# <font color='#eb3483'> Feature Engineering </font>

One of the most important steps in the machine learning pipeline is engineering features - it's often the determining factor in whether you'll get a successful model! Feature engineering is the process of making new features in your dataset that better represent the problem you're trying to model. In this module we won't be exploring any new packages or skills, but will try to highlight the importance of taking the time to craft useful features when you're approaching a machine learning model.

In [1]:
import numpy as np
import pandas as pd
import seaborn as sns
sns.set()

from sklearn import datasets
from sklearn.linear_model import LinearRegression
from sklearn.model_selection import cross_val_score

### <font color='#eb3483'> Why bother feature engineering? </font>
In most problems, the data we're given is messy (hence why we need to do data processing), and might not be in the format most conducive for learning. Let's consider a simple example - predicting the area of a circle.
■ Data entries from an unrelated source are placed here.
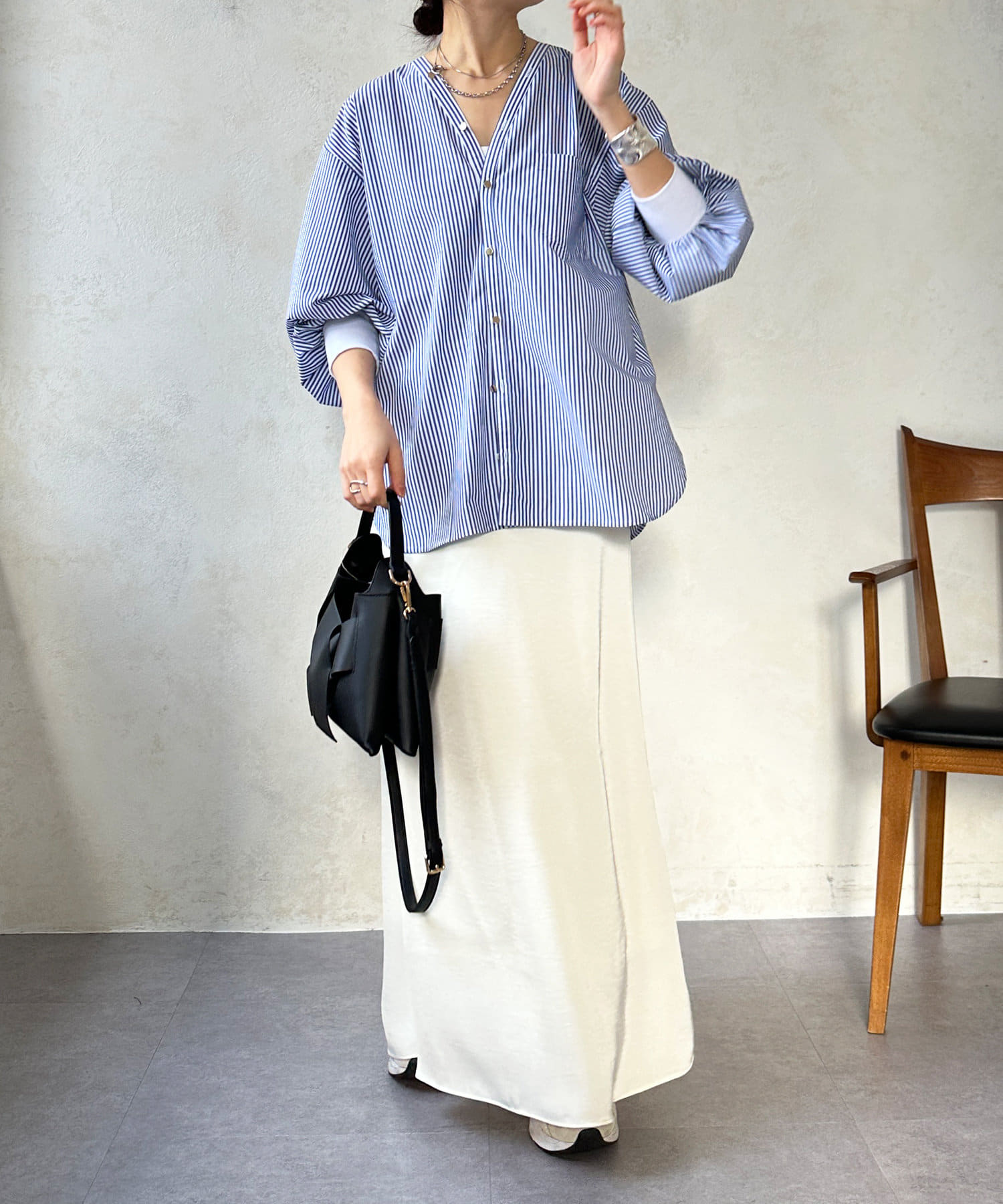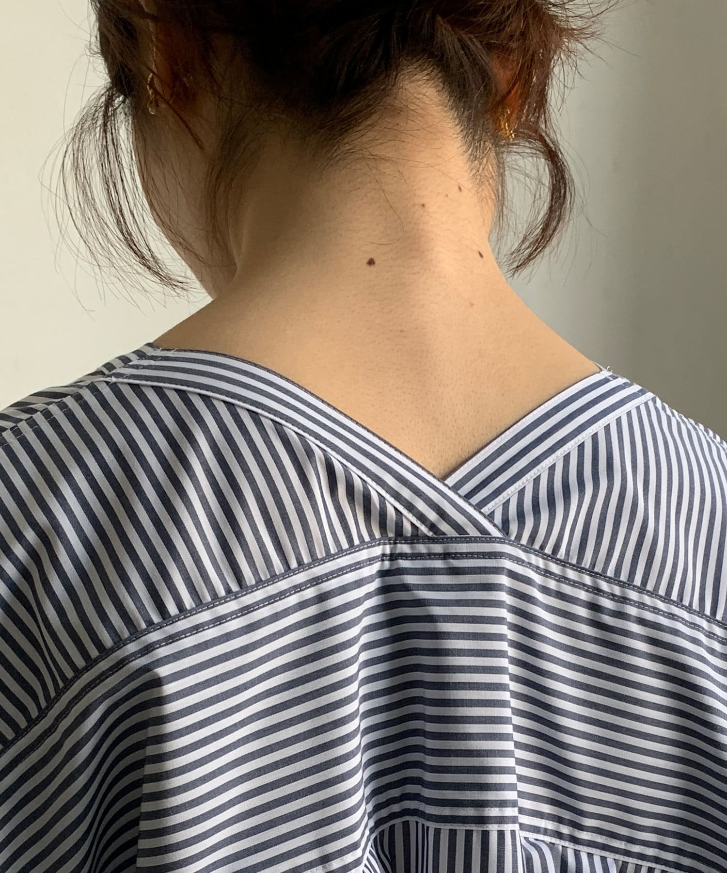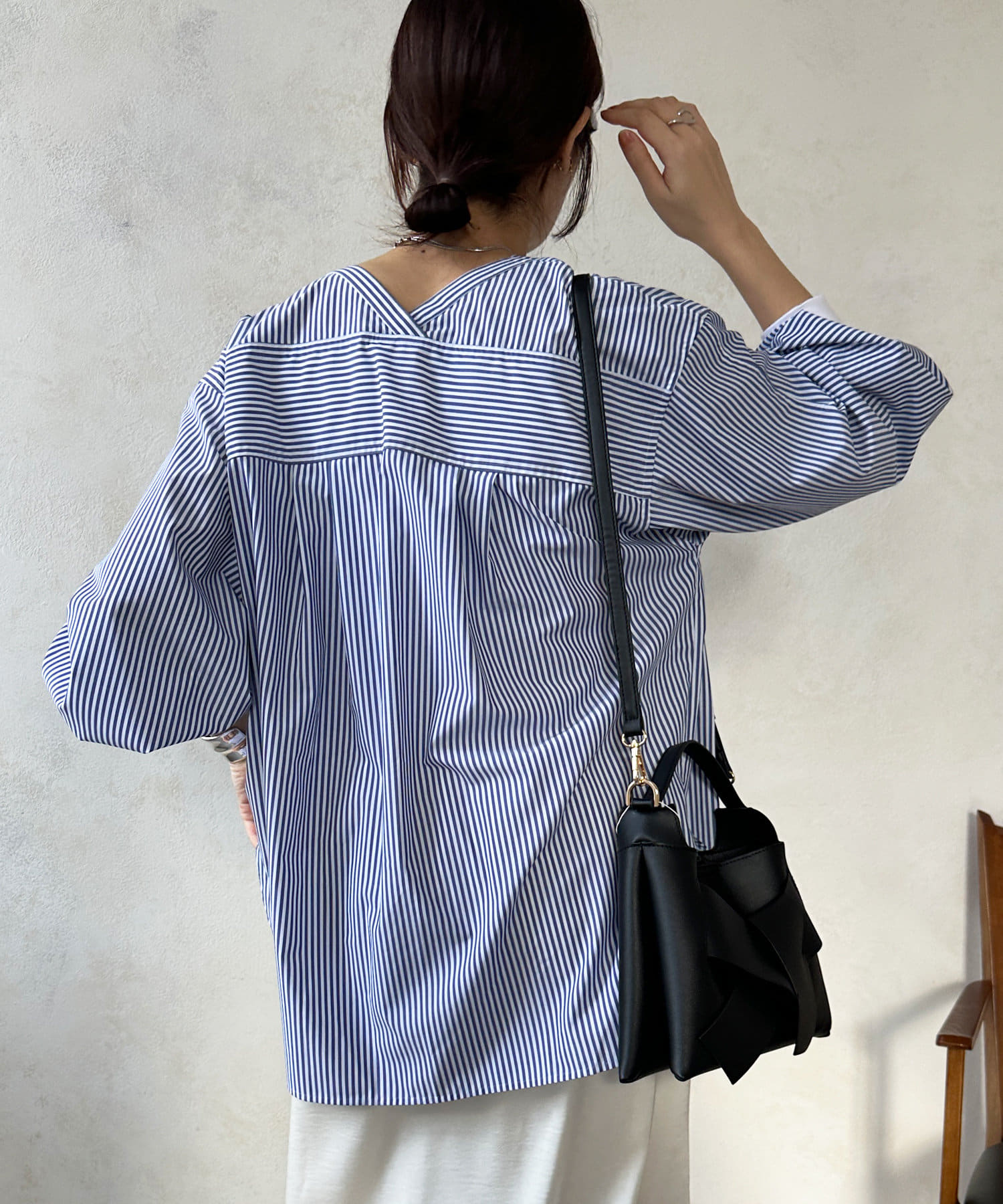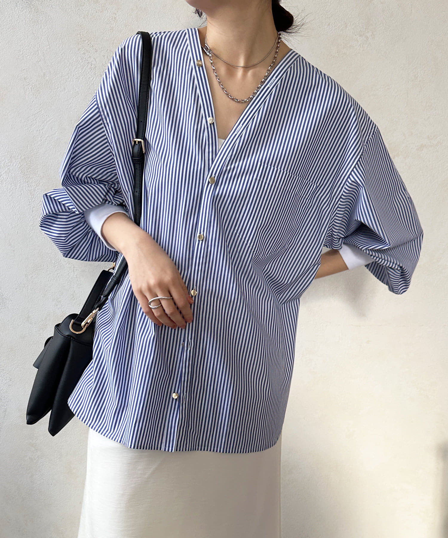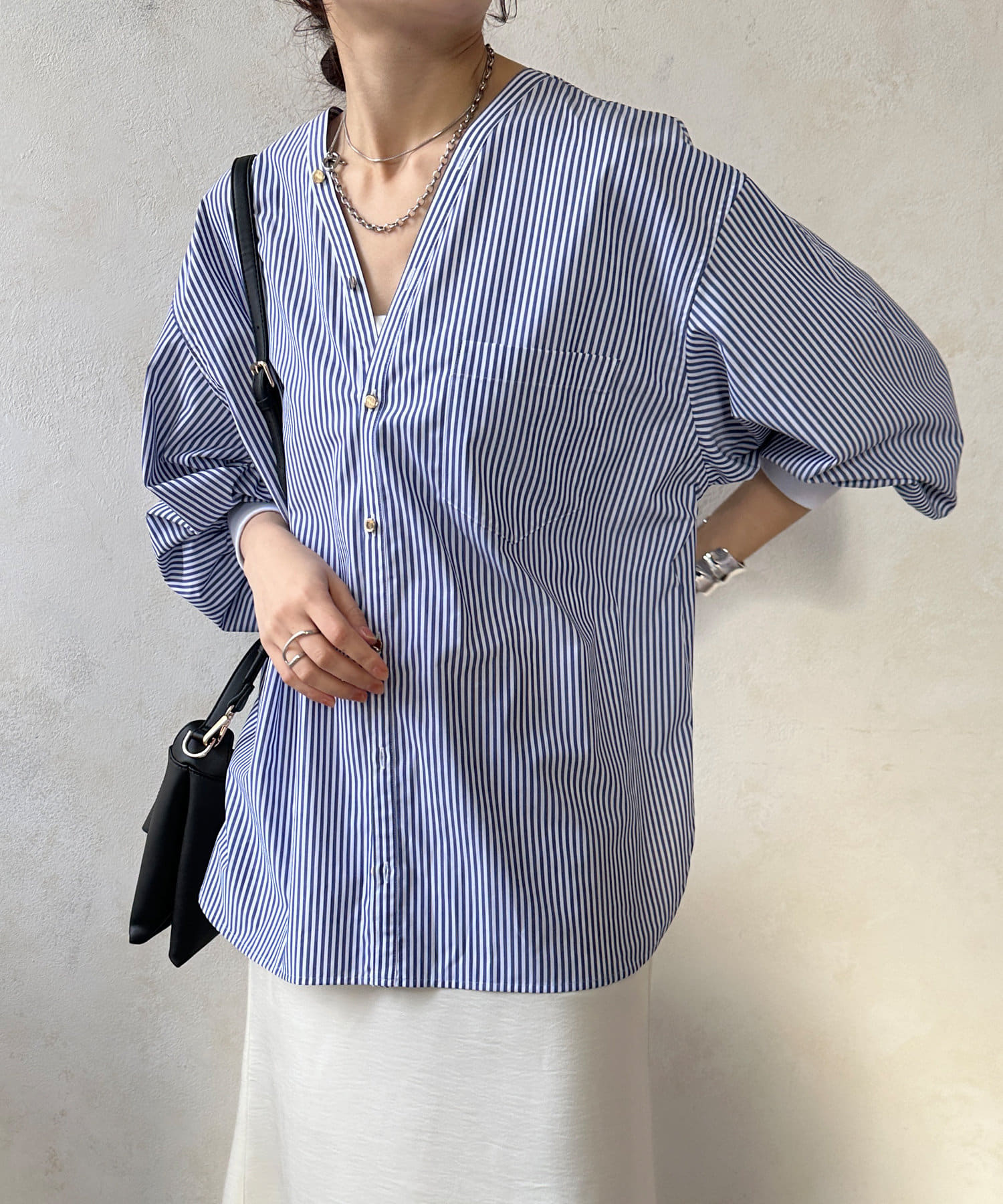 商品名が "VVシャツ" というだけあって、前後ともにVネックのデザインに。お顔周りのすっきり見えを叶えてくれます。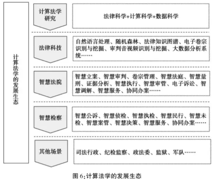 正如上文所探讨的,从学科发展的意义上讲,中国计算法学在当下大抵处于初期成长阶段,虽然目 前学界初步形成了以法律现实问题为逻辑起点、以数据资源为分析基础的方法论自觉态势,但是既有 的知识储备和技术条件难以满足急剧发展的时代诉求,也不断面临着来自分析方法和思维模式的双重 叩问,何海波(2018)指出,“对局部裁判文书的手工统计是目前最为流行的方式”。但是,当学界还在来势汹涌的大数据狂潮面前“踌躇犹疑”之时,法律实务界追摹大数据前沿的脚步俨然称得上是“铿锵 矫健”,围绕法治建设的应用大数据技术已然全面展开,立基于大数据、信息化的发展理念也逐步深植于法律各个领域内,业已形成了自身的发展生态(见图6)。也正是在这样的意义上,计算科学、大数据技术在法律实务界的实践与应用,也为计算法学的学科建构提供了更多的经验镜鉴和现实指引。更进 一步讲,全新的时代课题也在一定意义上刺激了高校不断调整自身的人才培养模式和目标,并力图整 合内外优势资源,全方位推进多专业渗透的复合型人才培养模式。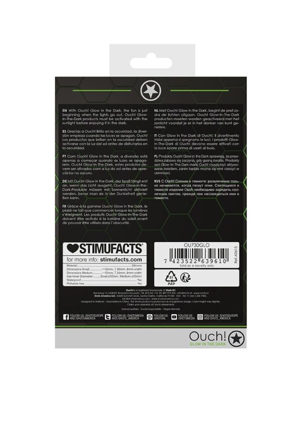 Cockring Set – Glow in the Dark – 2 PiecesOuch! Glow in the Dark, de toekomst van bondage is hier. Het design heeft het autentiek bondage uiterlijk, maar brengt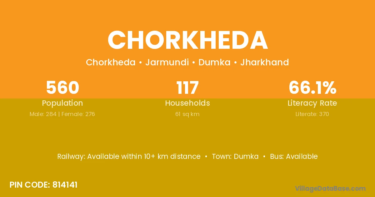 Dumka is the nearest town to Chorkheda village for major economic activities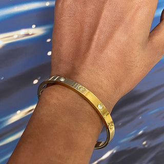 ステンレス304 低ニッケル 水に濡れても錆びにくい 18Kゴールドメッキ ブレスレット ジルコニア 【YJ01334】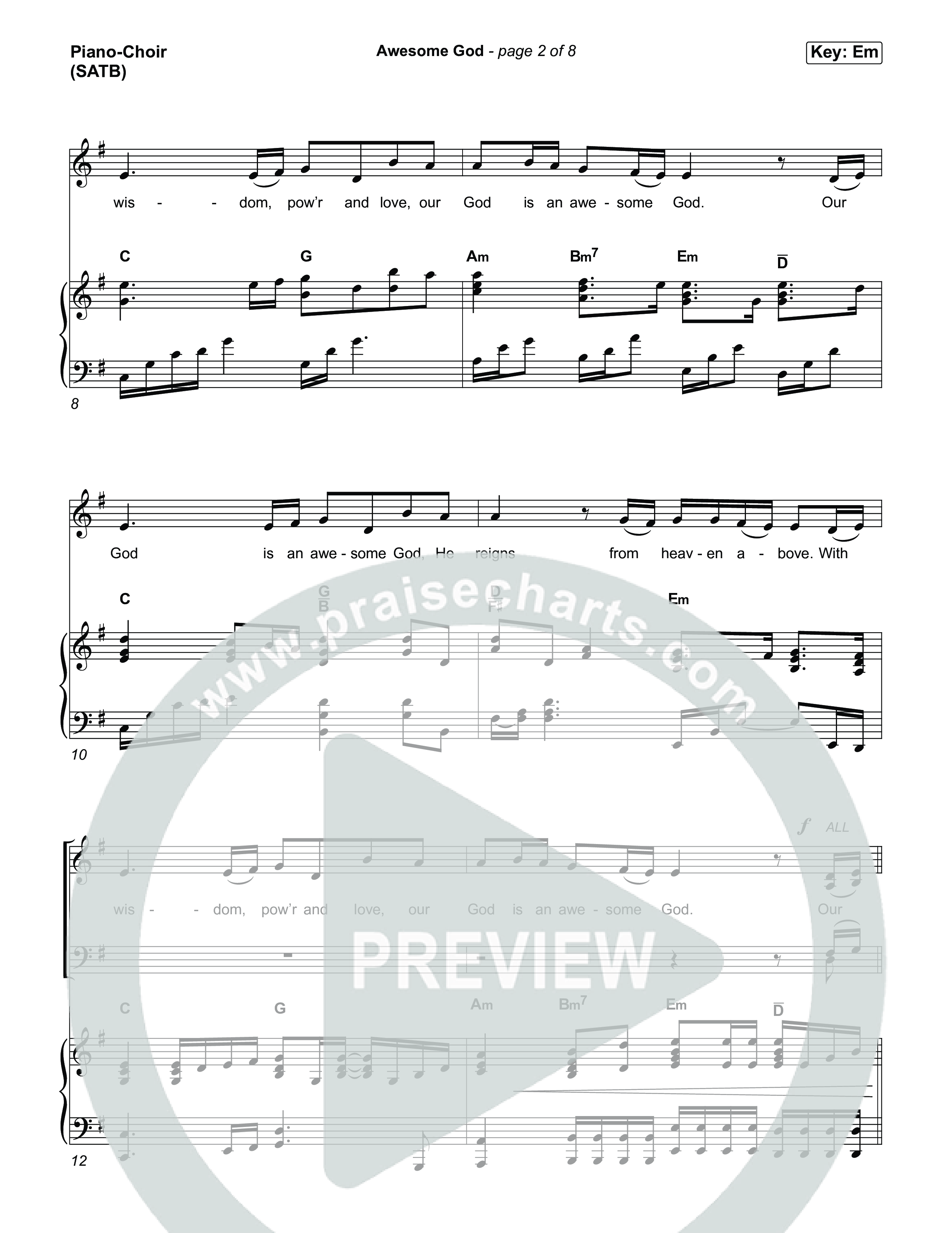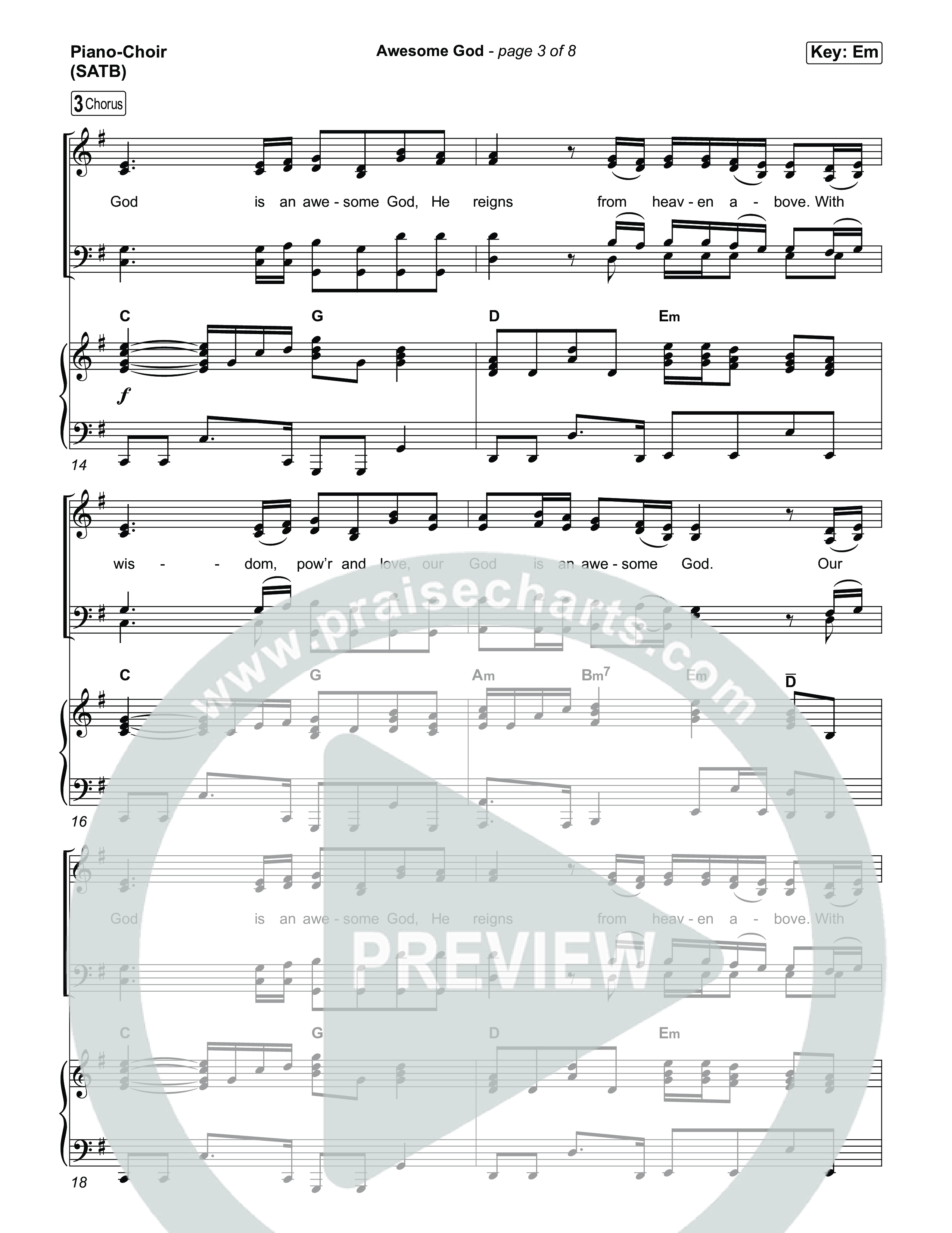 Download the sheet music for Awesome God by Michael W. Smith, from the album Worship. This song was arranged by John Wasson / Daniel Galbraith in the key of Em, Fm.

The original data we're given is the radius of each circle, and we want to build a linear regression to predict the area.

In [2]:
area = pd.DataFrame({ 'radius': np.arange(10), 'area': 3.14* np.arange(10)**2 })
area.head()

Unnamed: 0,radius,area
0,0,0.0
1,1,3.14
2,2,12.56
3,3,28.26
4,4,50.24


Let's try building the model with the data as is:

In [3]:
predictor = LinearRegression()
mse = cross_val_score(predictor, area.drop('area',axis=1),
                area['area'], scoring="neg_mean_squared_error", 
                cv=3).mean()

print("MSE :",-mse)

MSE : 4337.58693164567


Yikes that's a terrible mean squared error for a simple problem. What if we engineered a new feature to be the radius^2 instead of the radius?

In [4]:
area['radius_sq'] = area['radius']**2
predictor = LinearRegression()
mse = cross_val_score(predictor, area.drop('area',axis=1),
                area['area'], scoring="neg_mean_squared_error", 
                cv=3).mean()
print("MSE :",-round(mse,2))

MSE : 0.0


Now we have a perfect prediction! In this example, all we had to do was engineer a feature that was more in-line with the problem we were trying to model. 

For more complicated models (i.e Neural Networks) some of the feature engineering can be done directly in the model (i.e. in a multi-layer neural network, the internal layers can act as learned representation of the data you're feeding in), but they require more training and are more prone to over-fitting. In general, feature engineering can lead to big boosts in predictive power with relatively little work on your end - so it's always a great place to start!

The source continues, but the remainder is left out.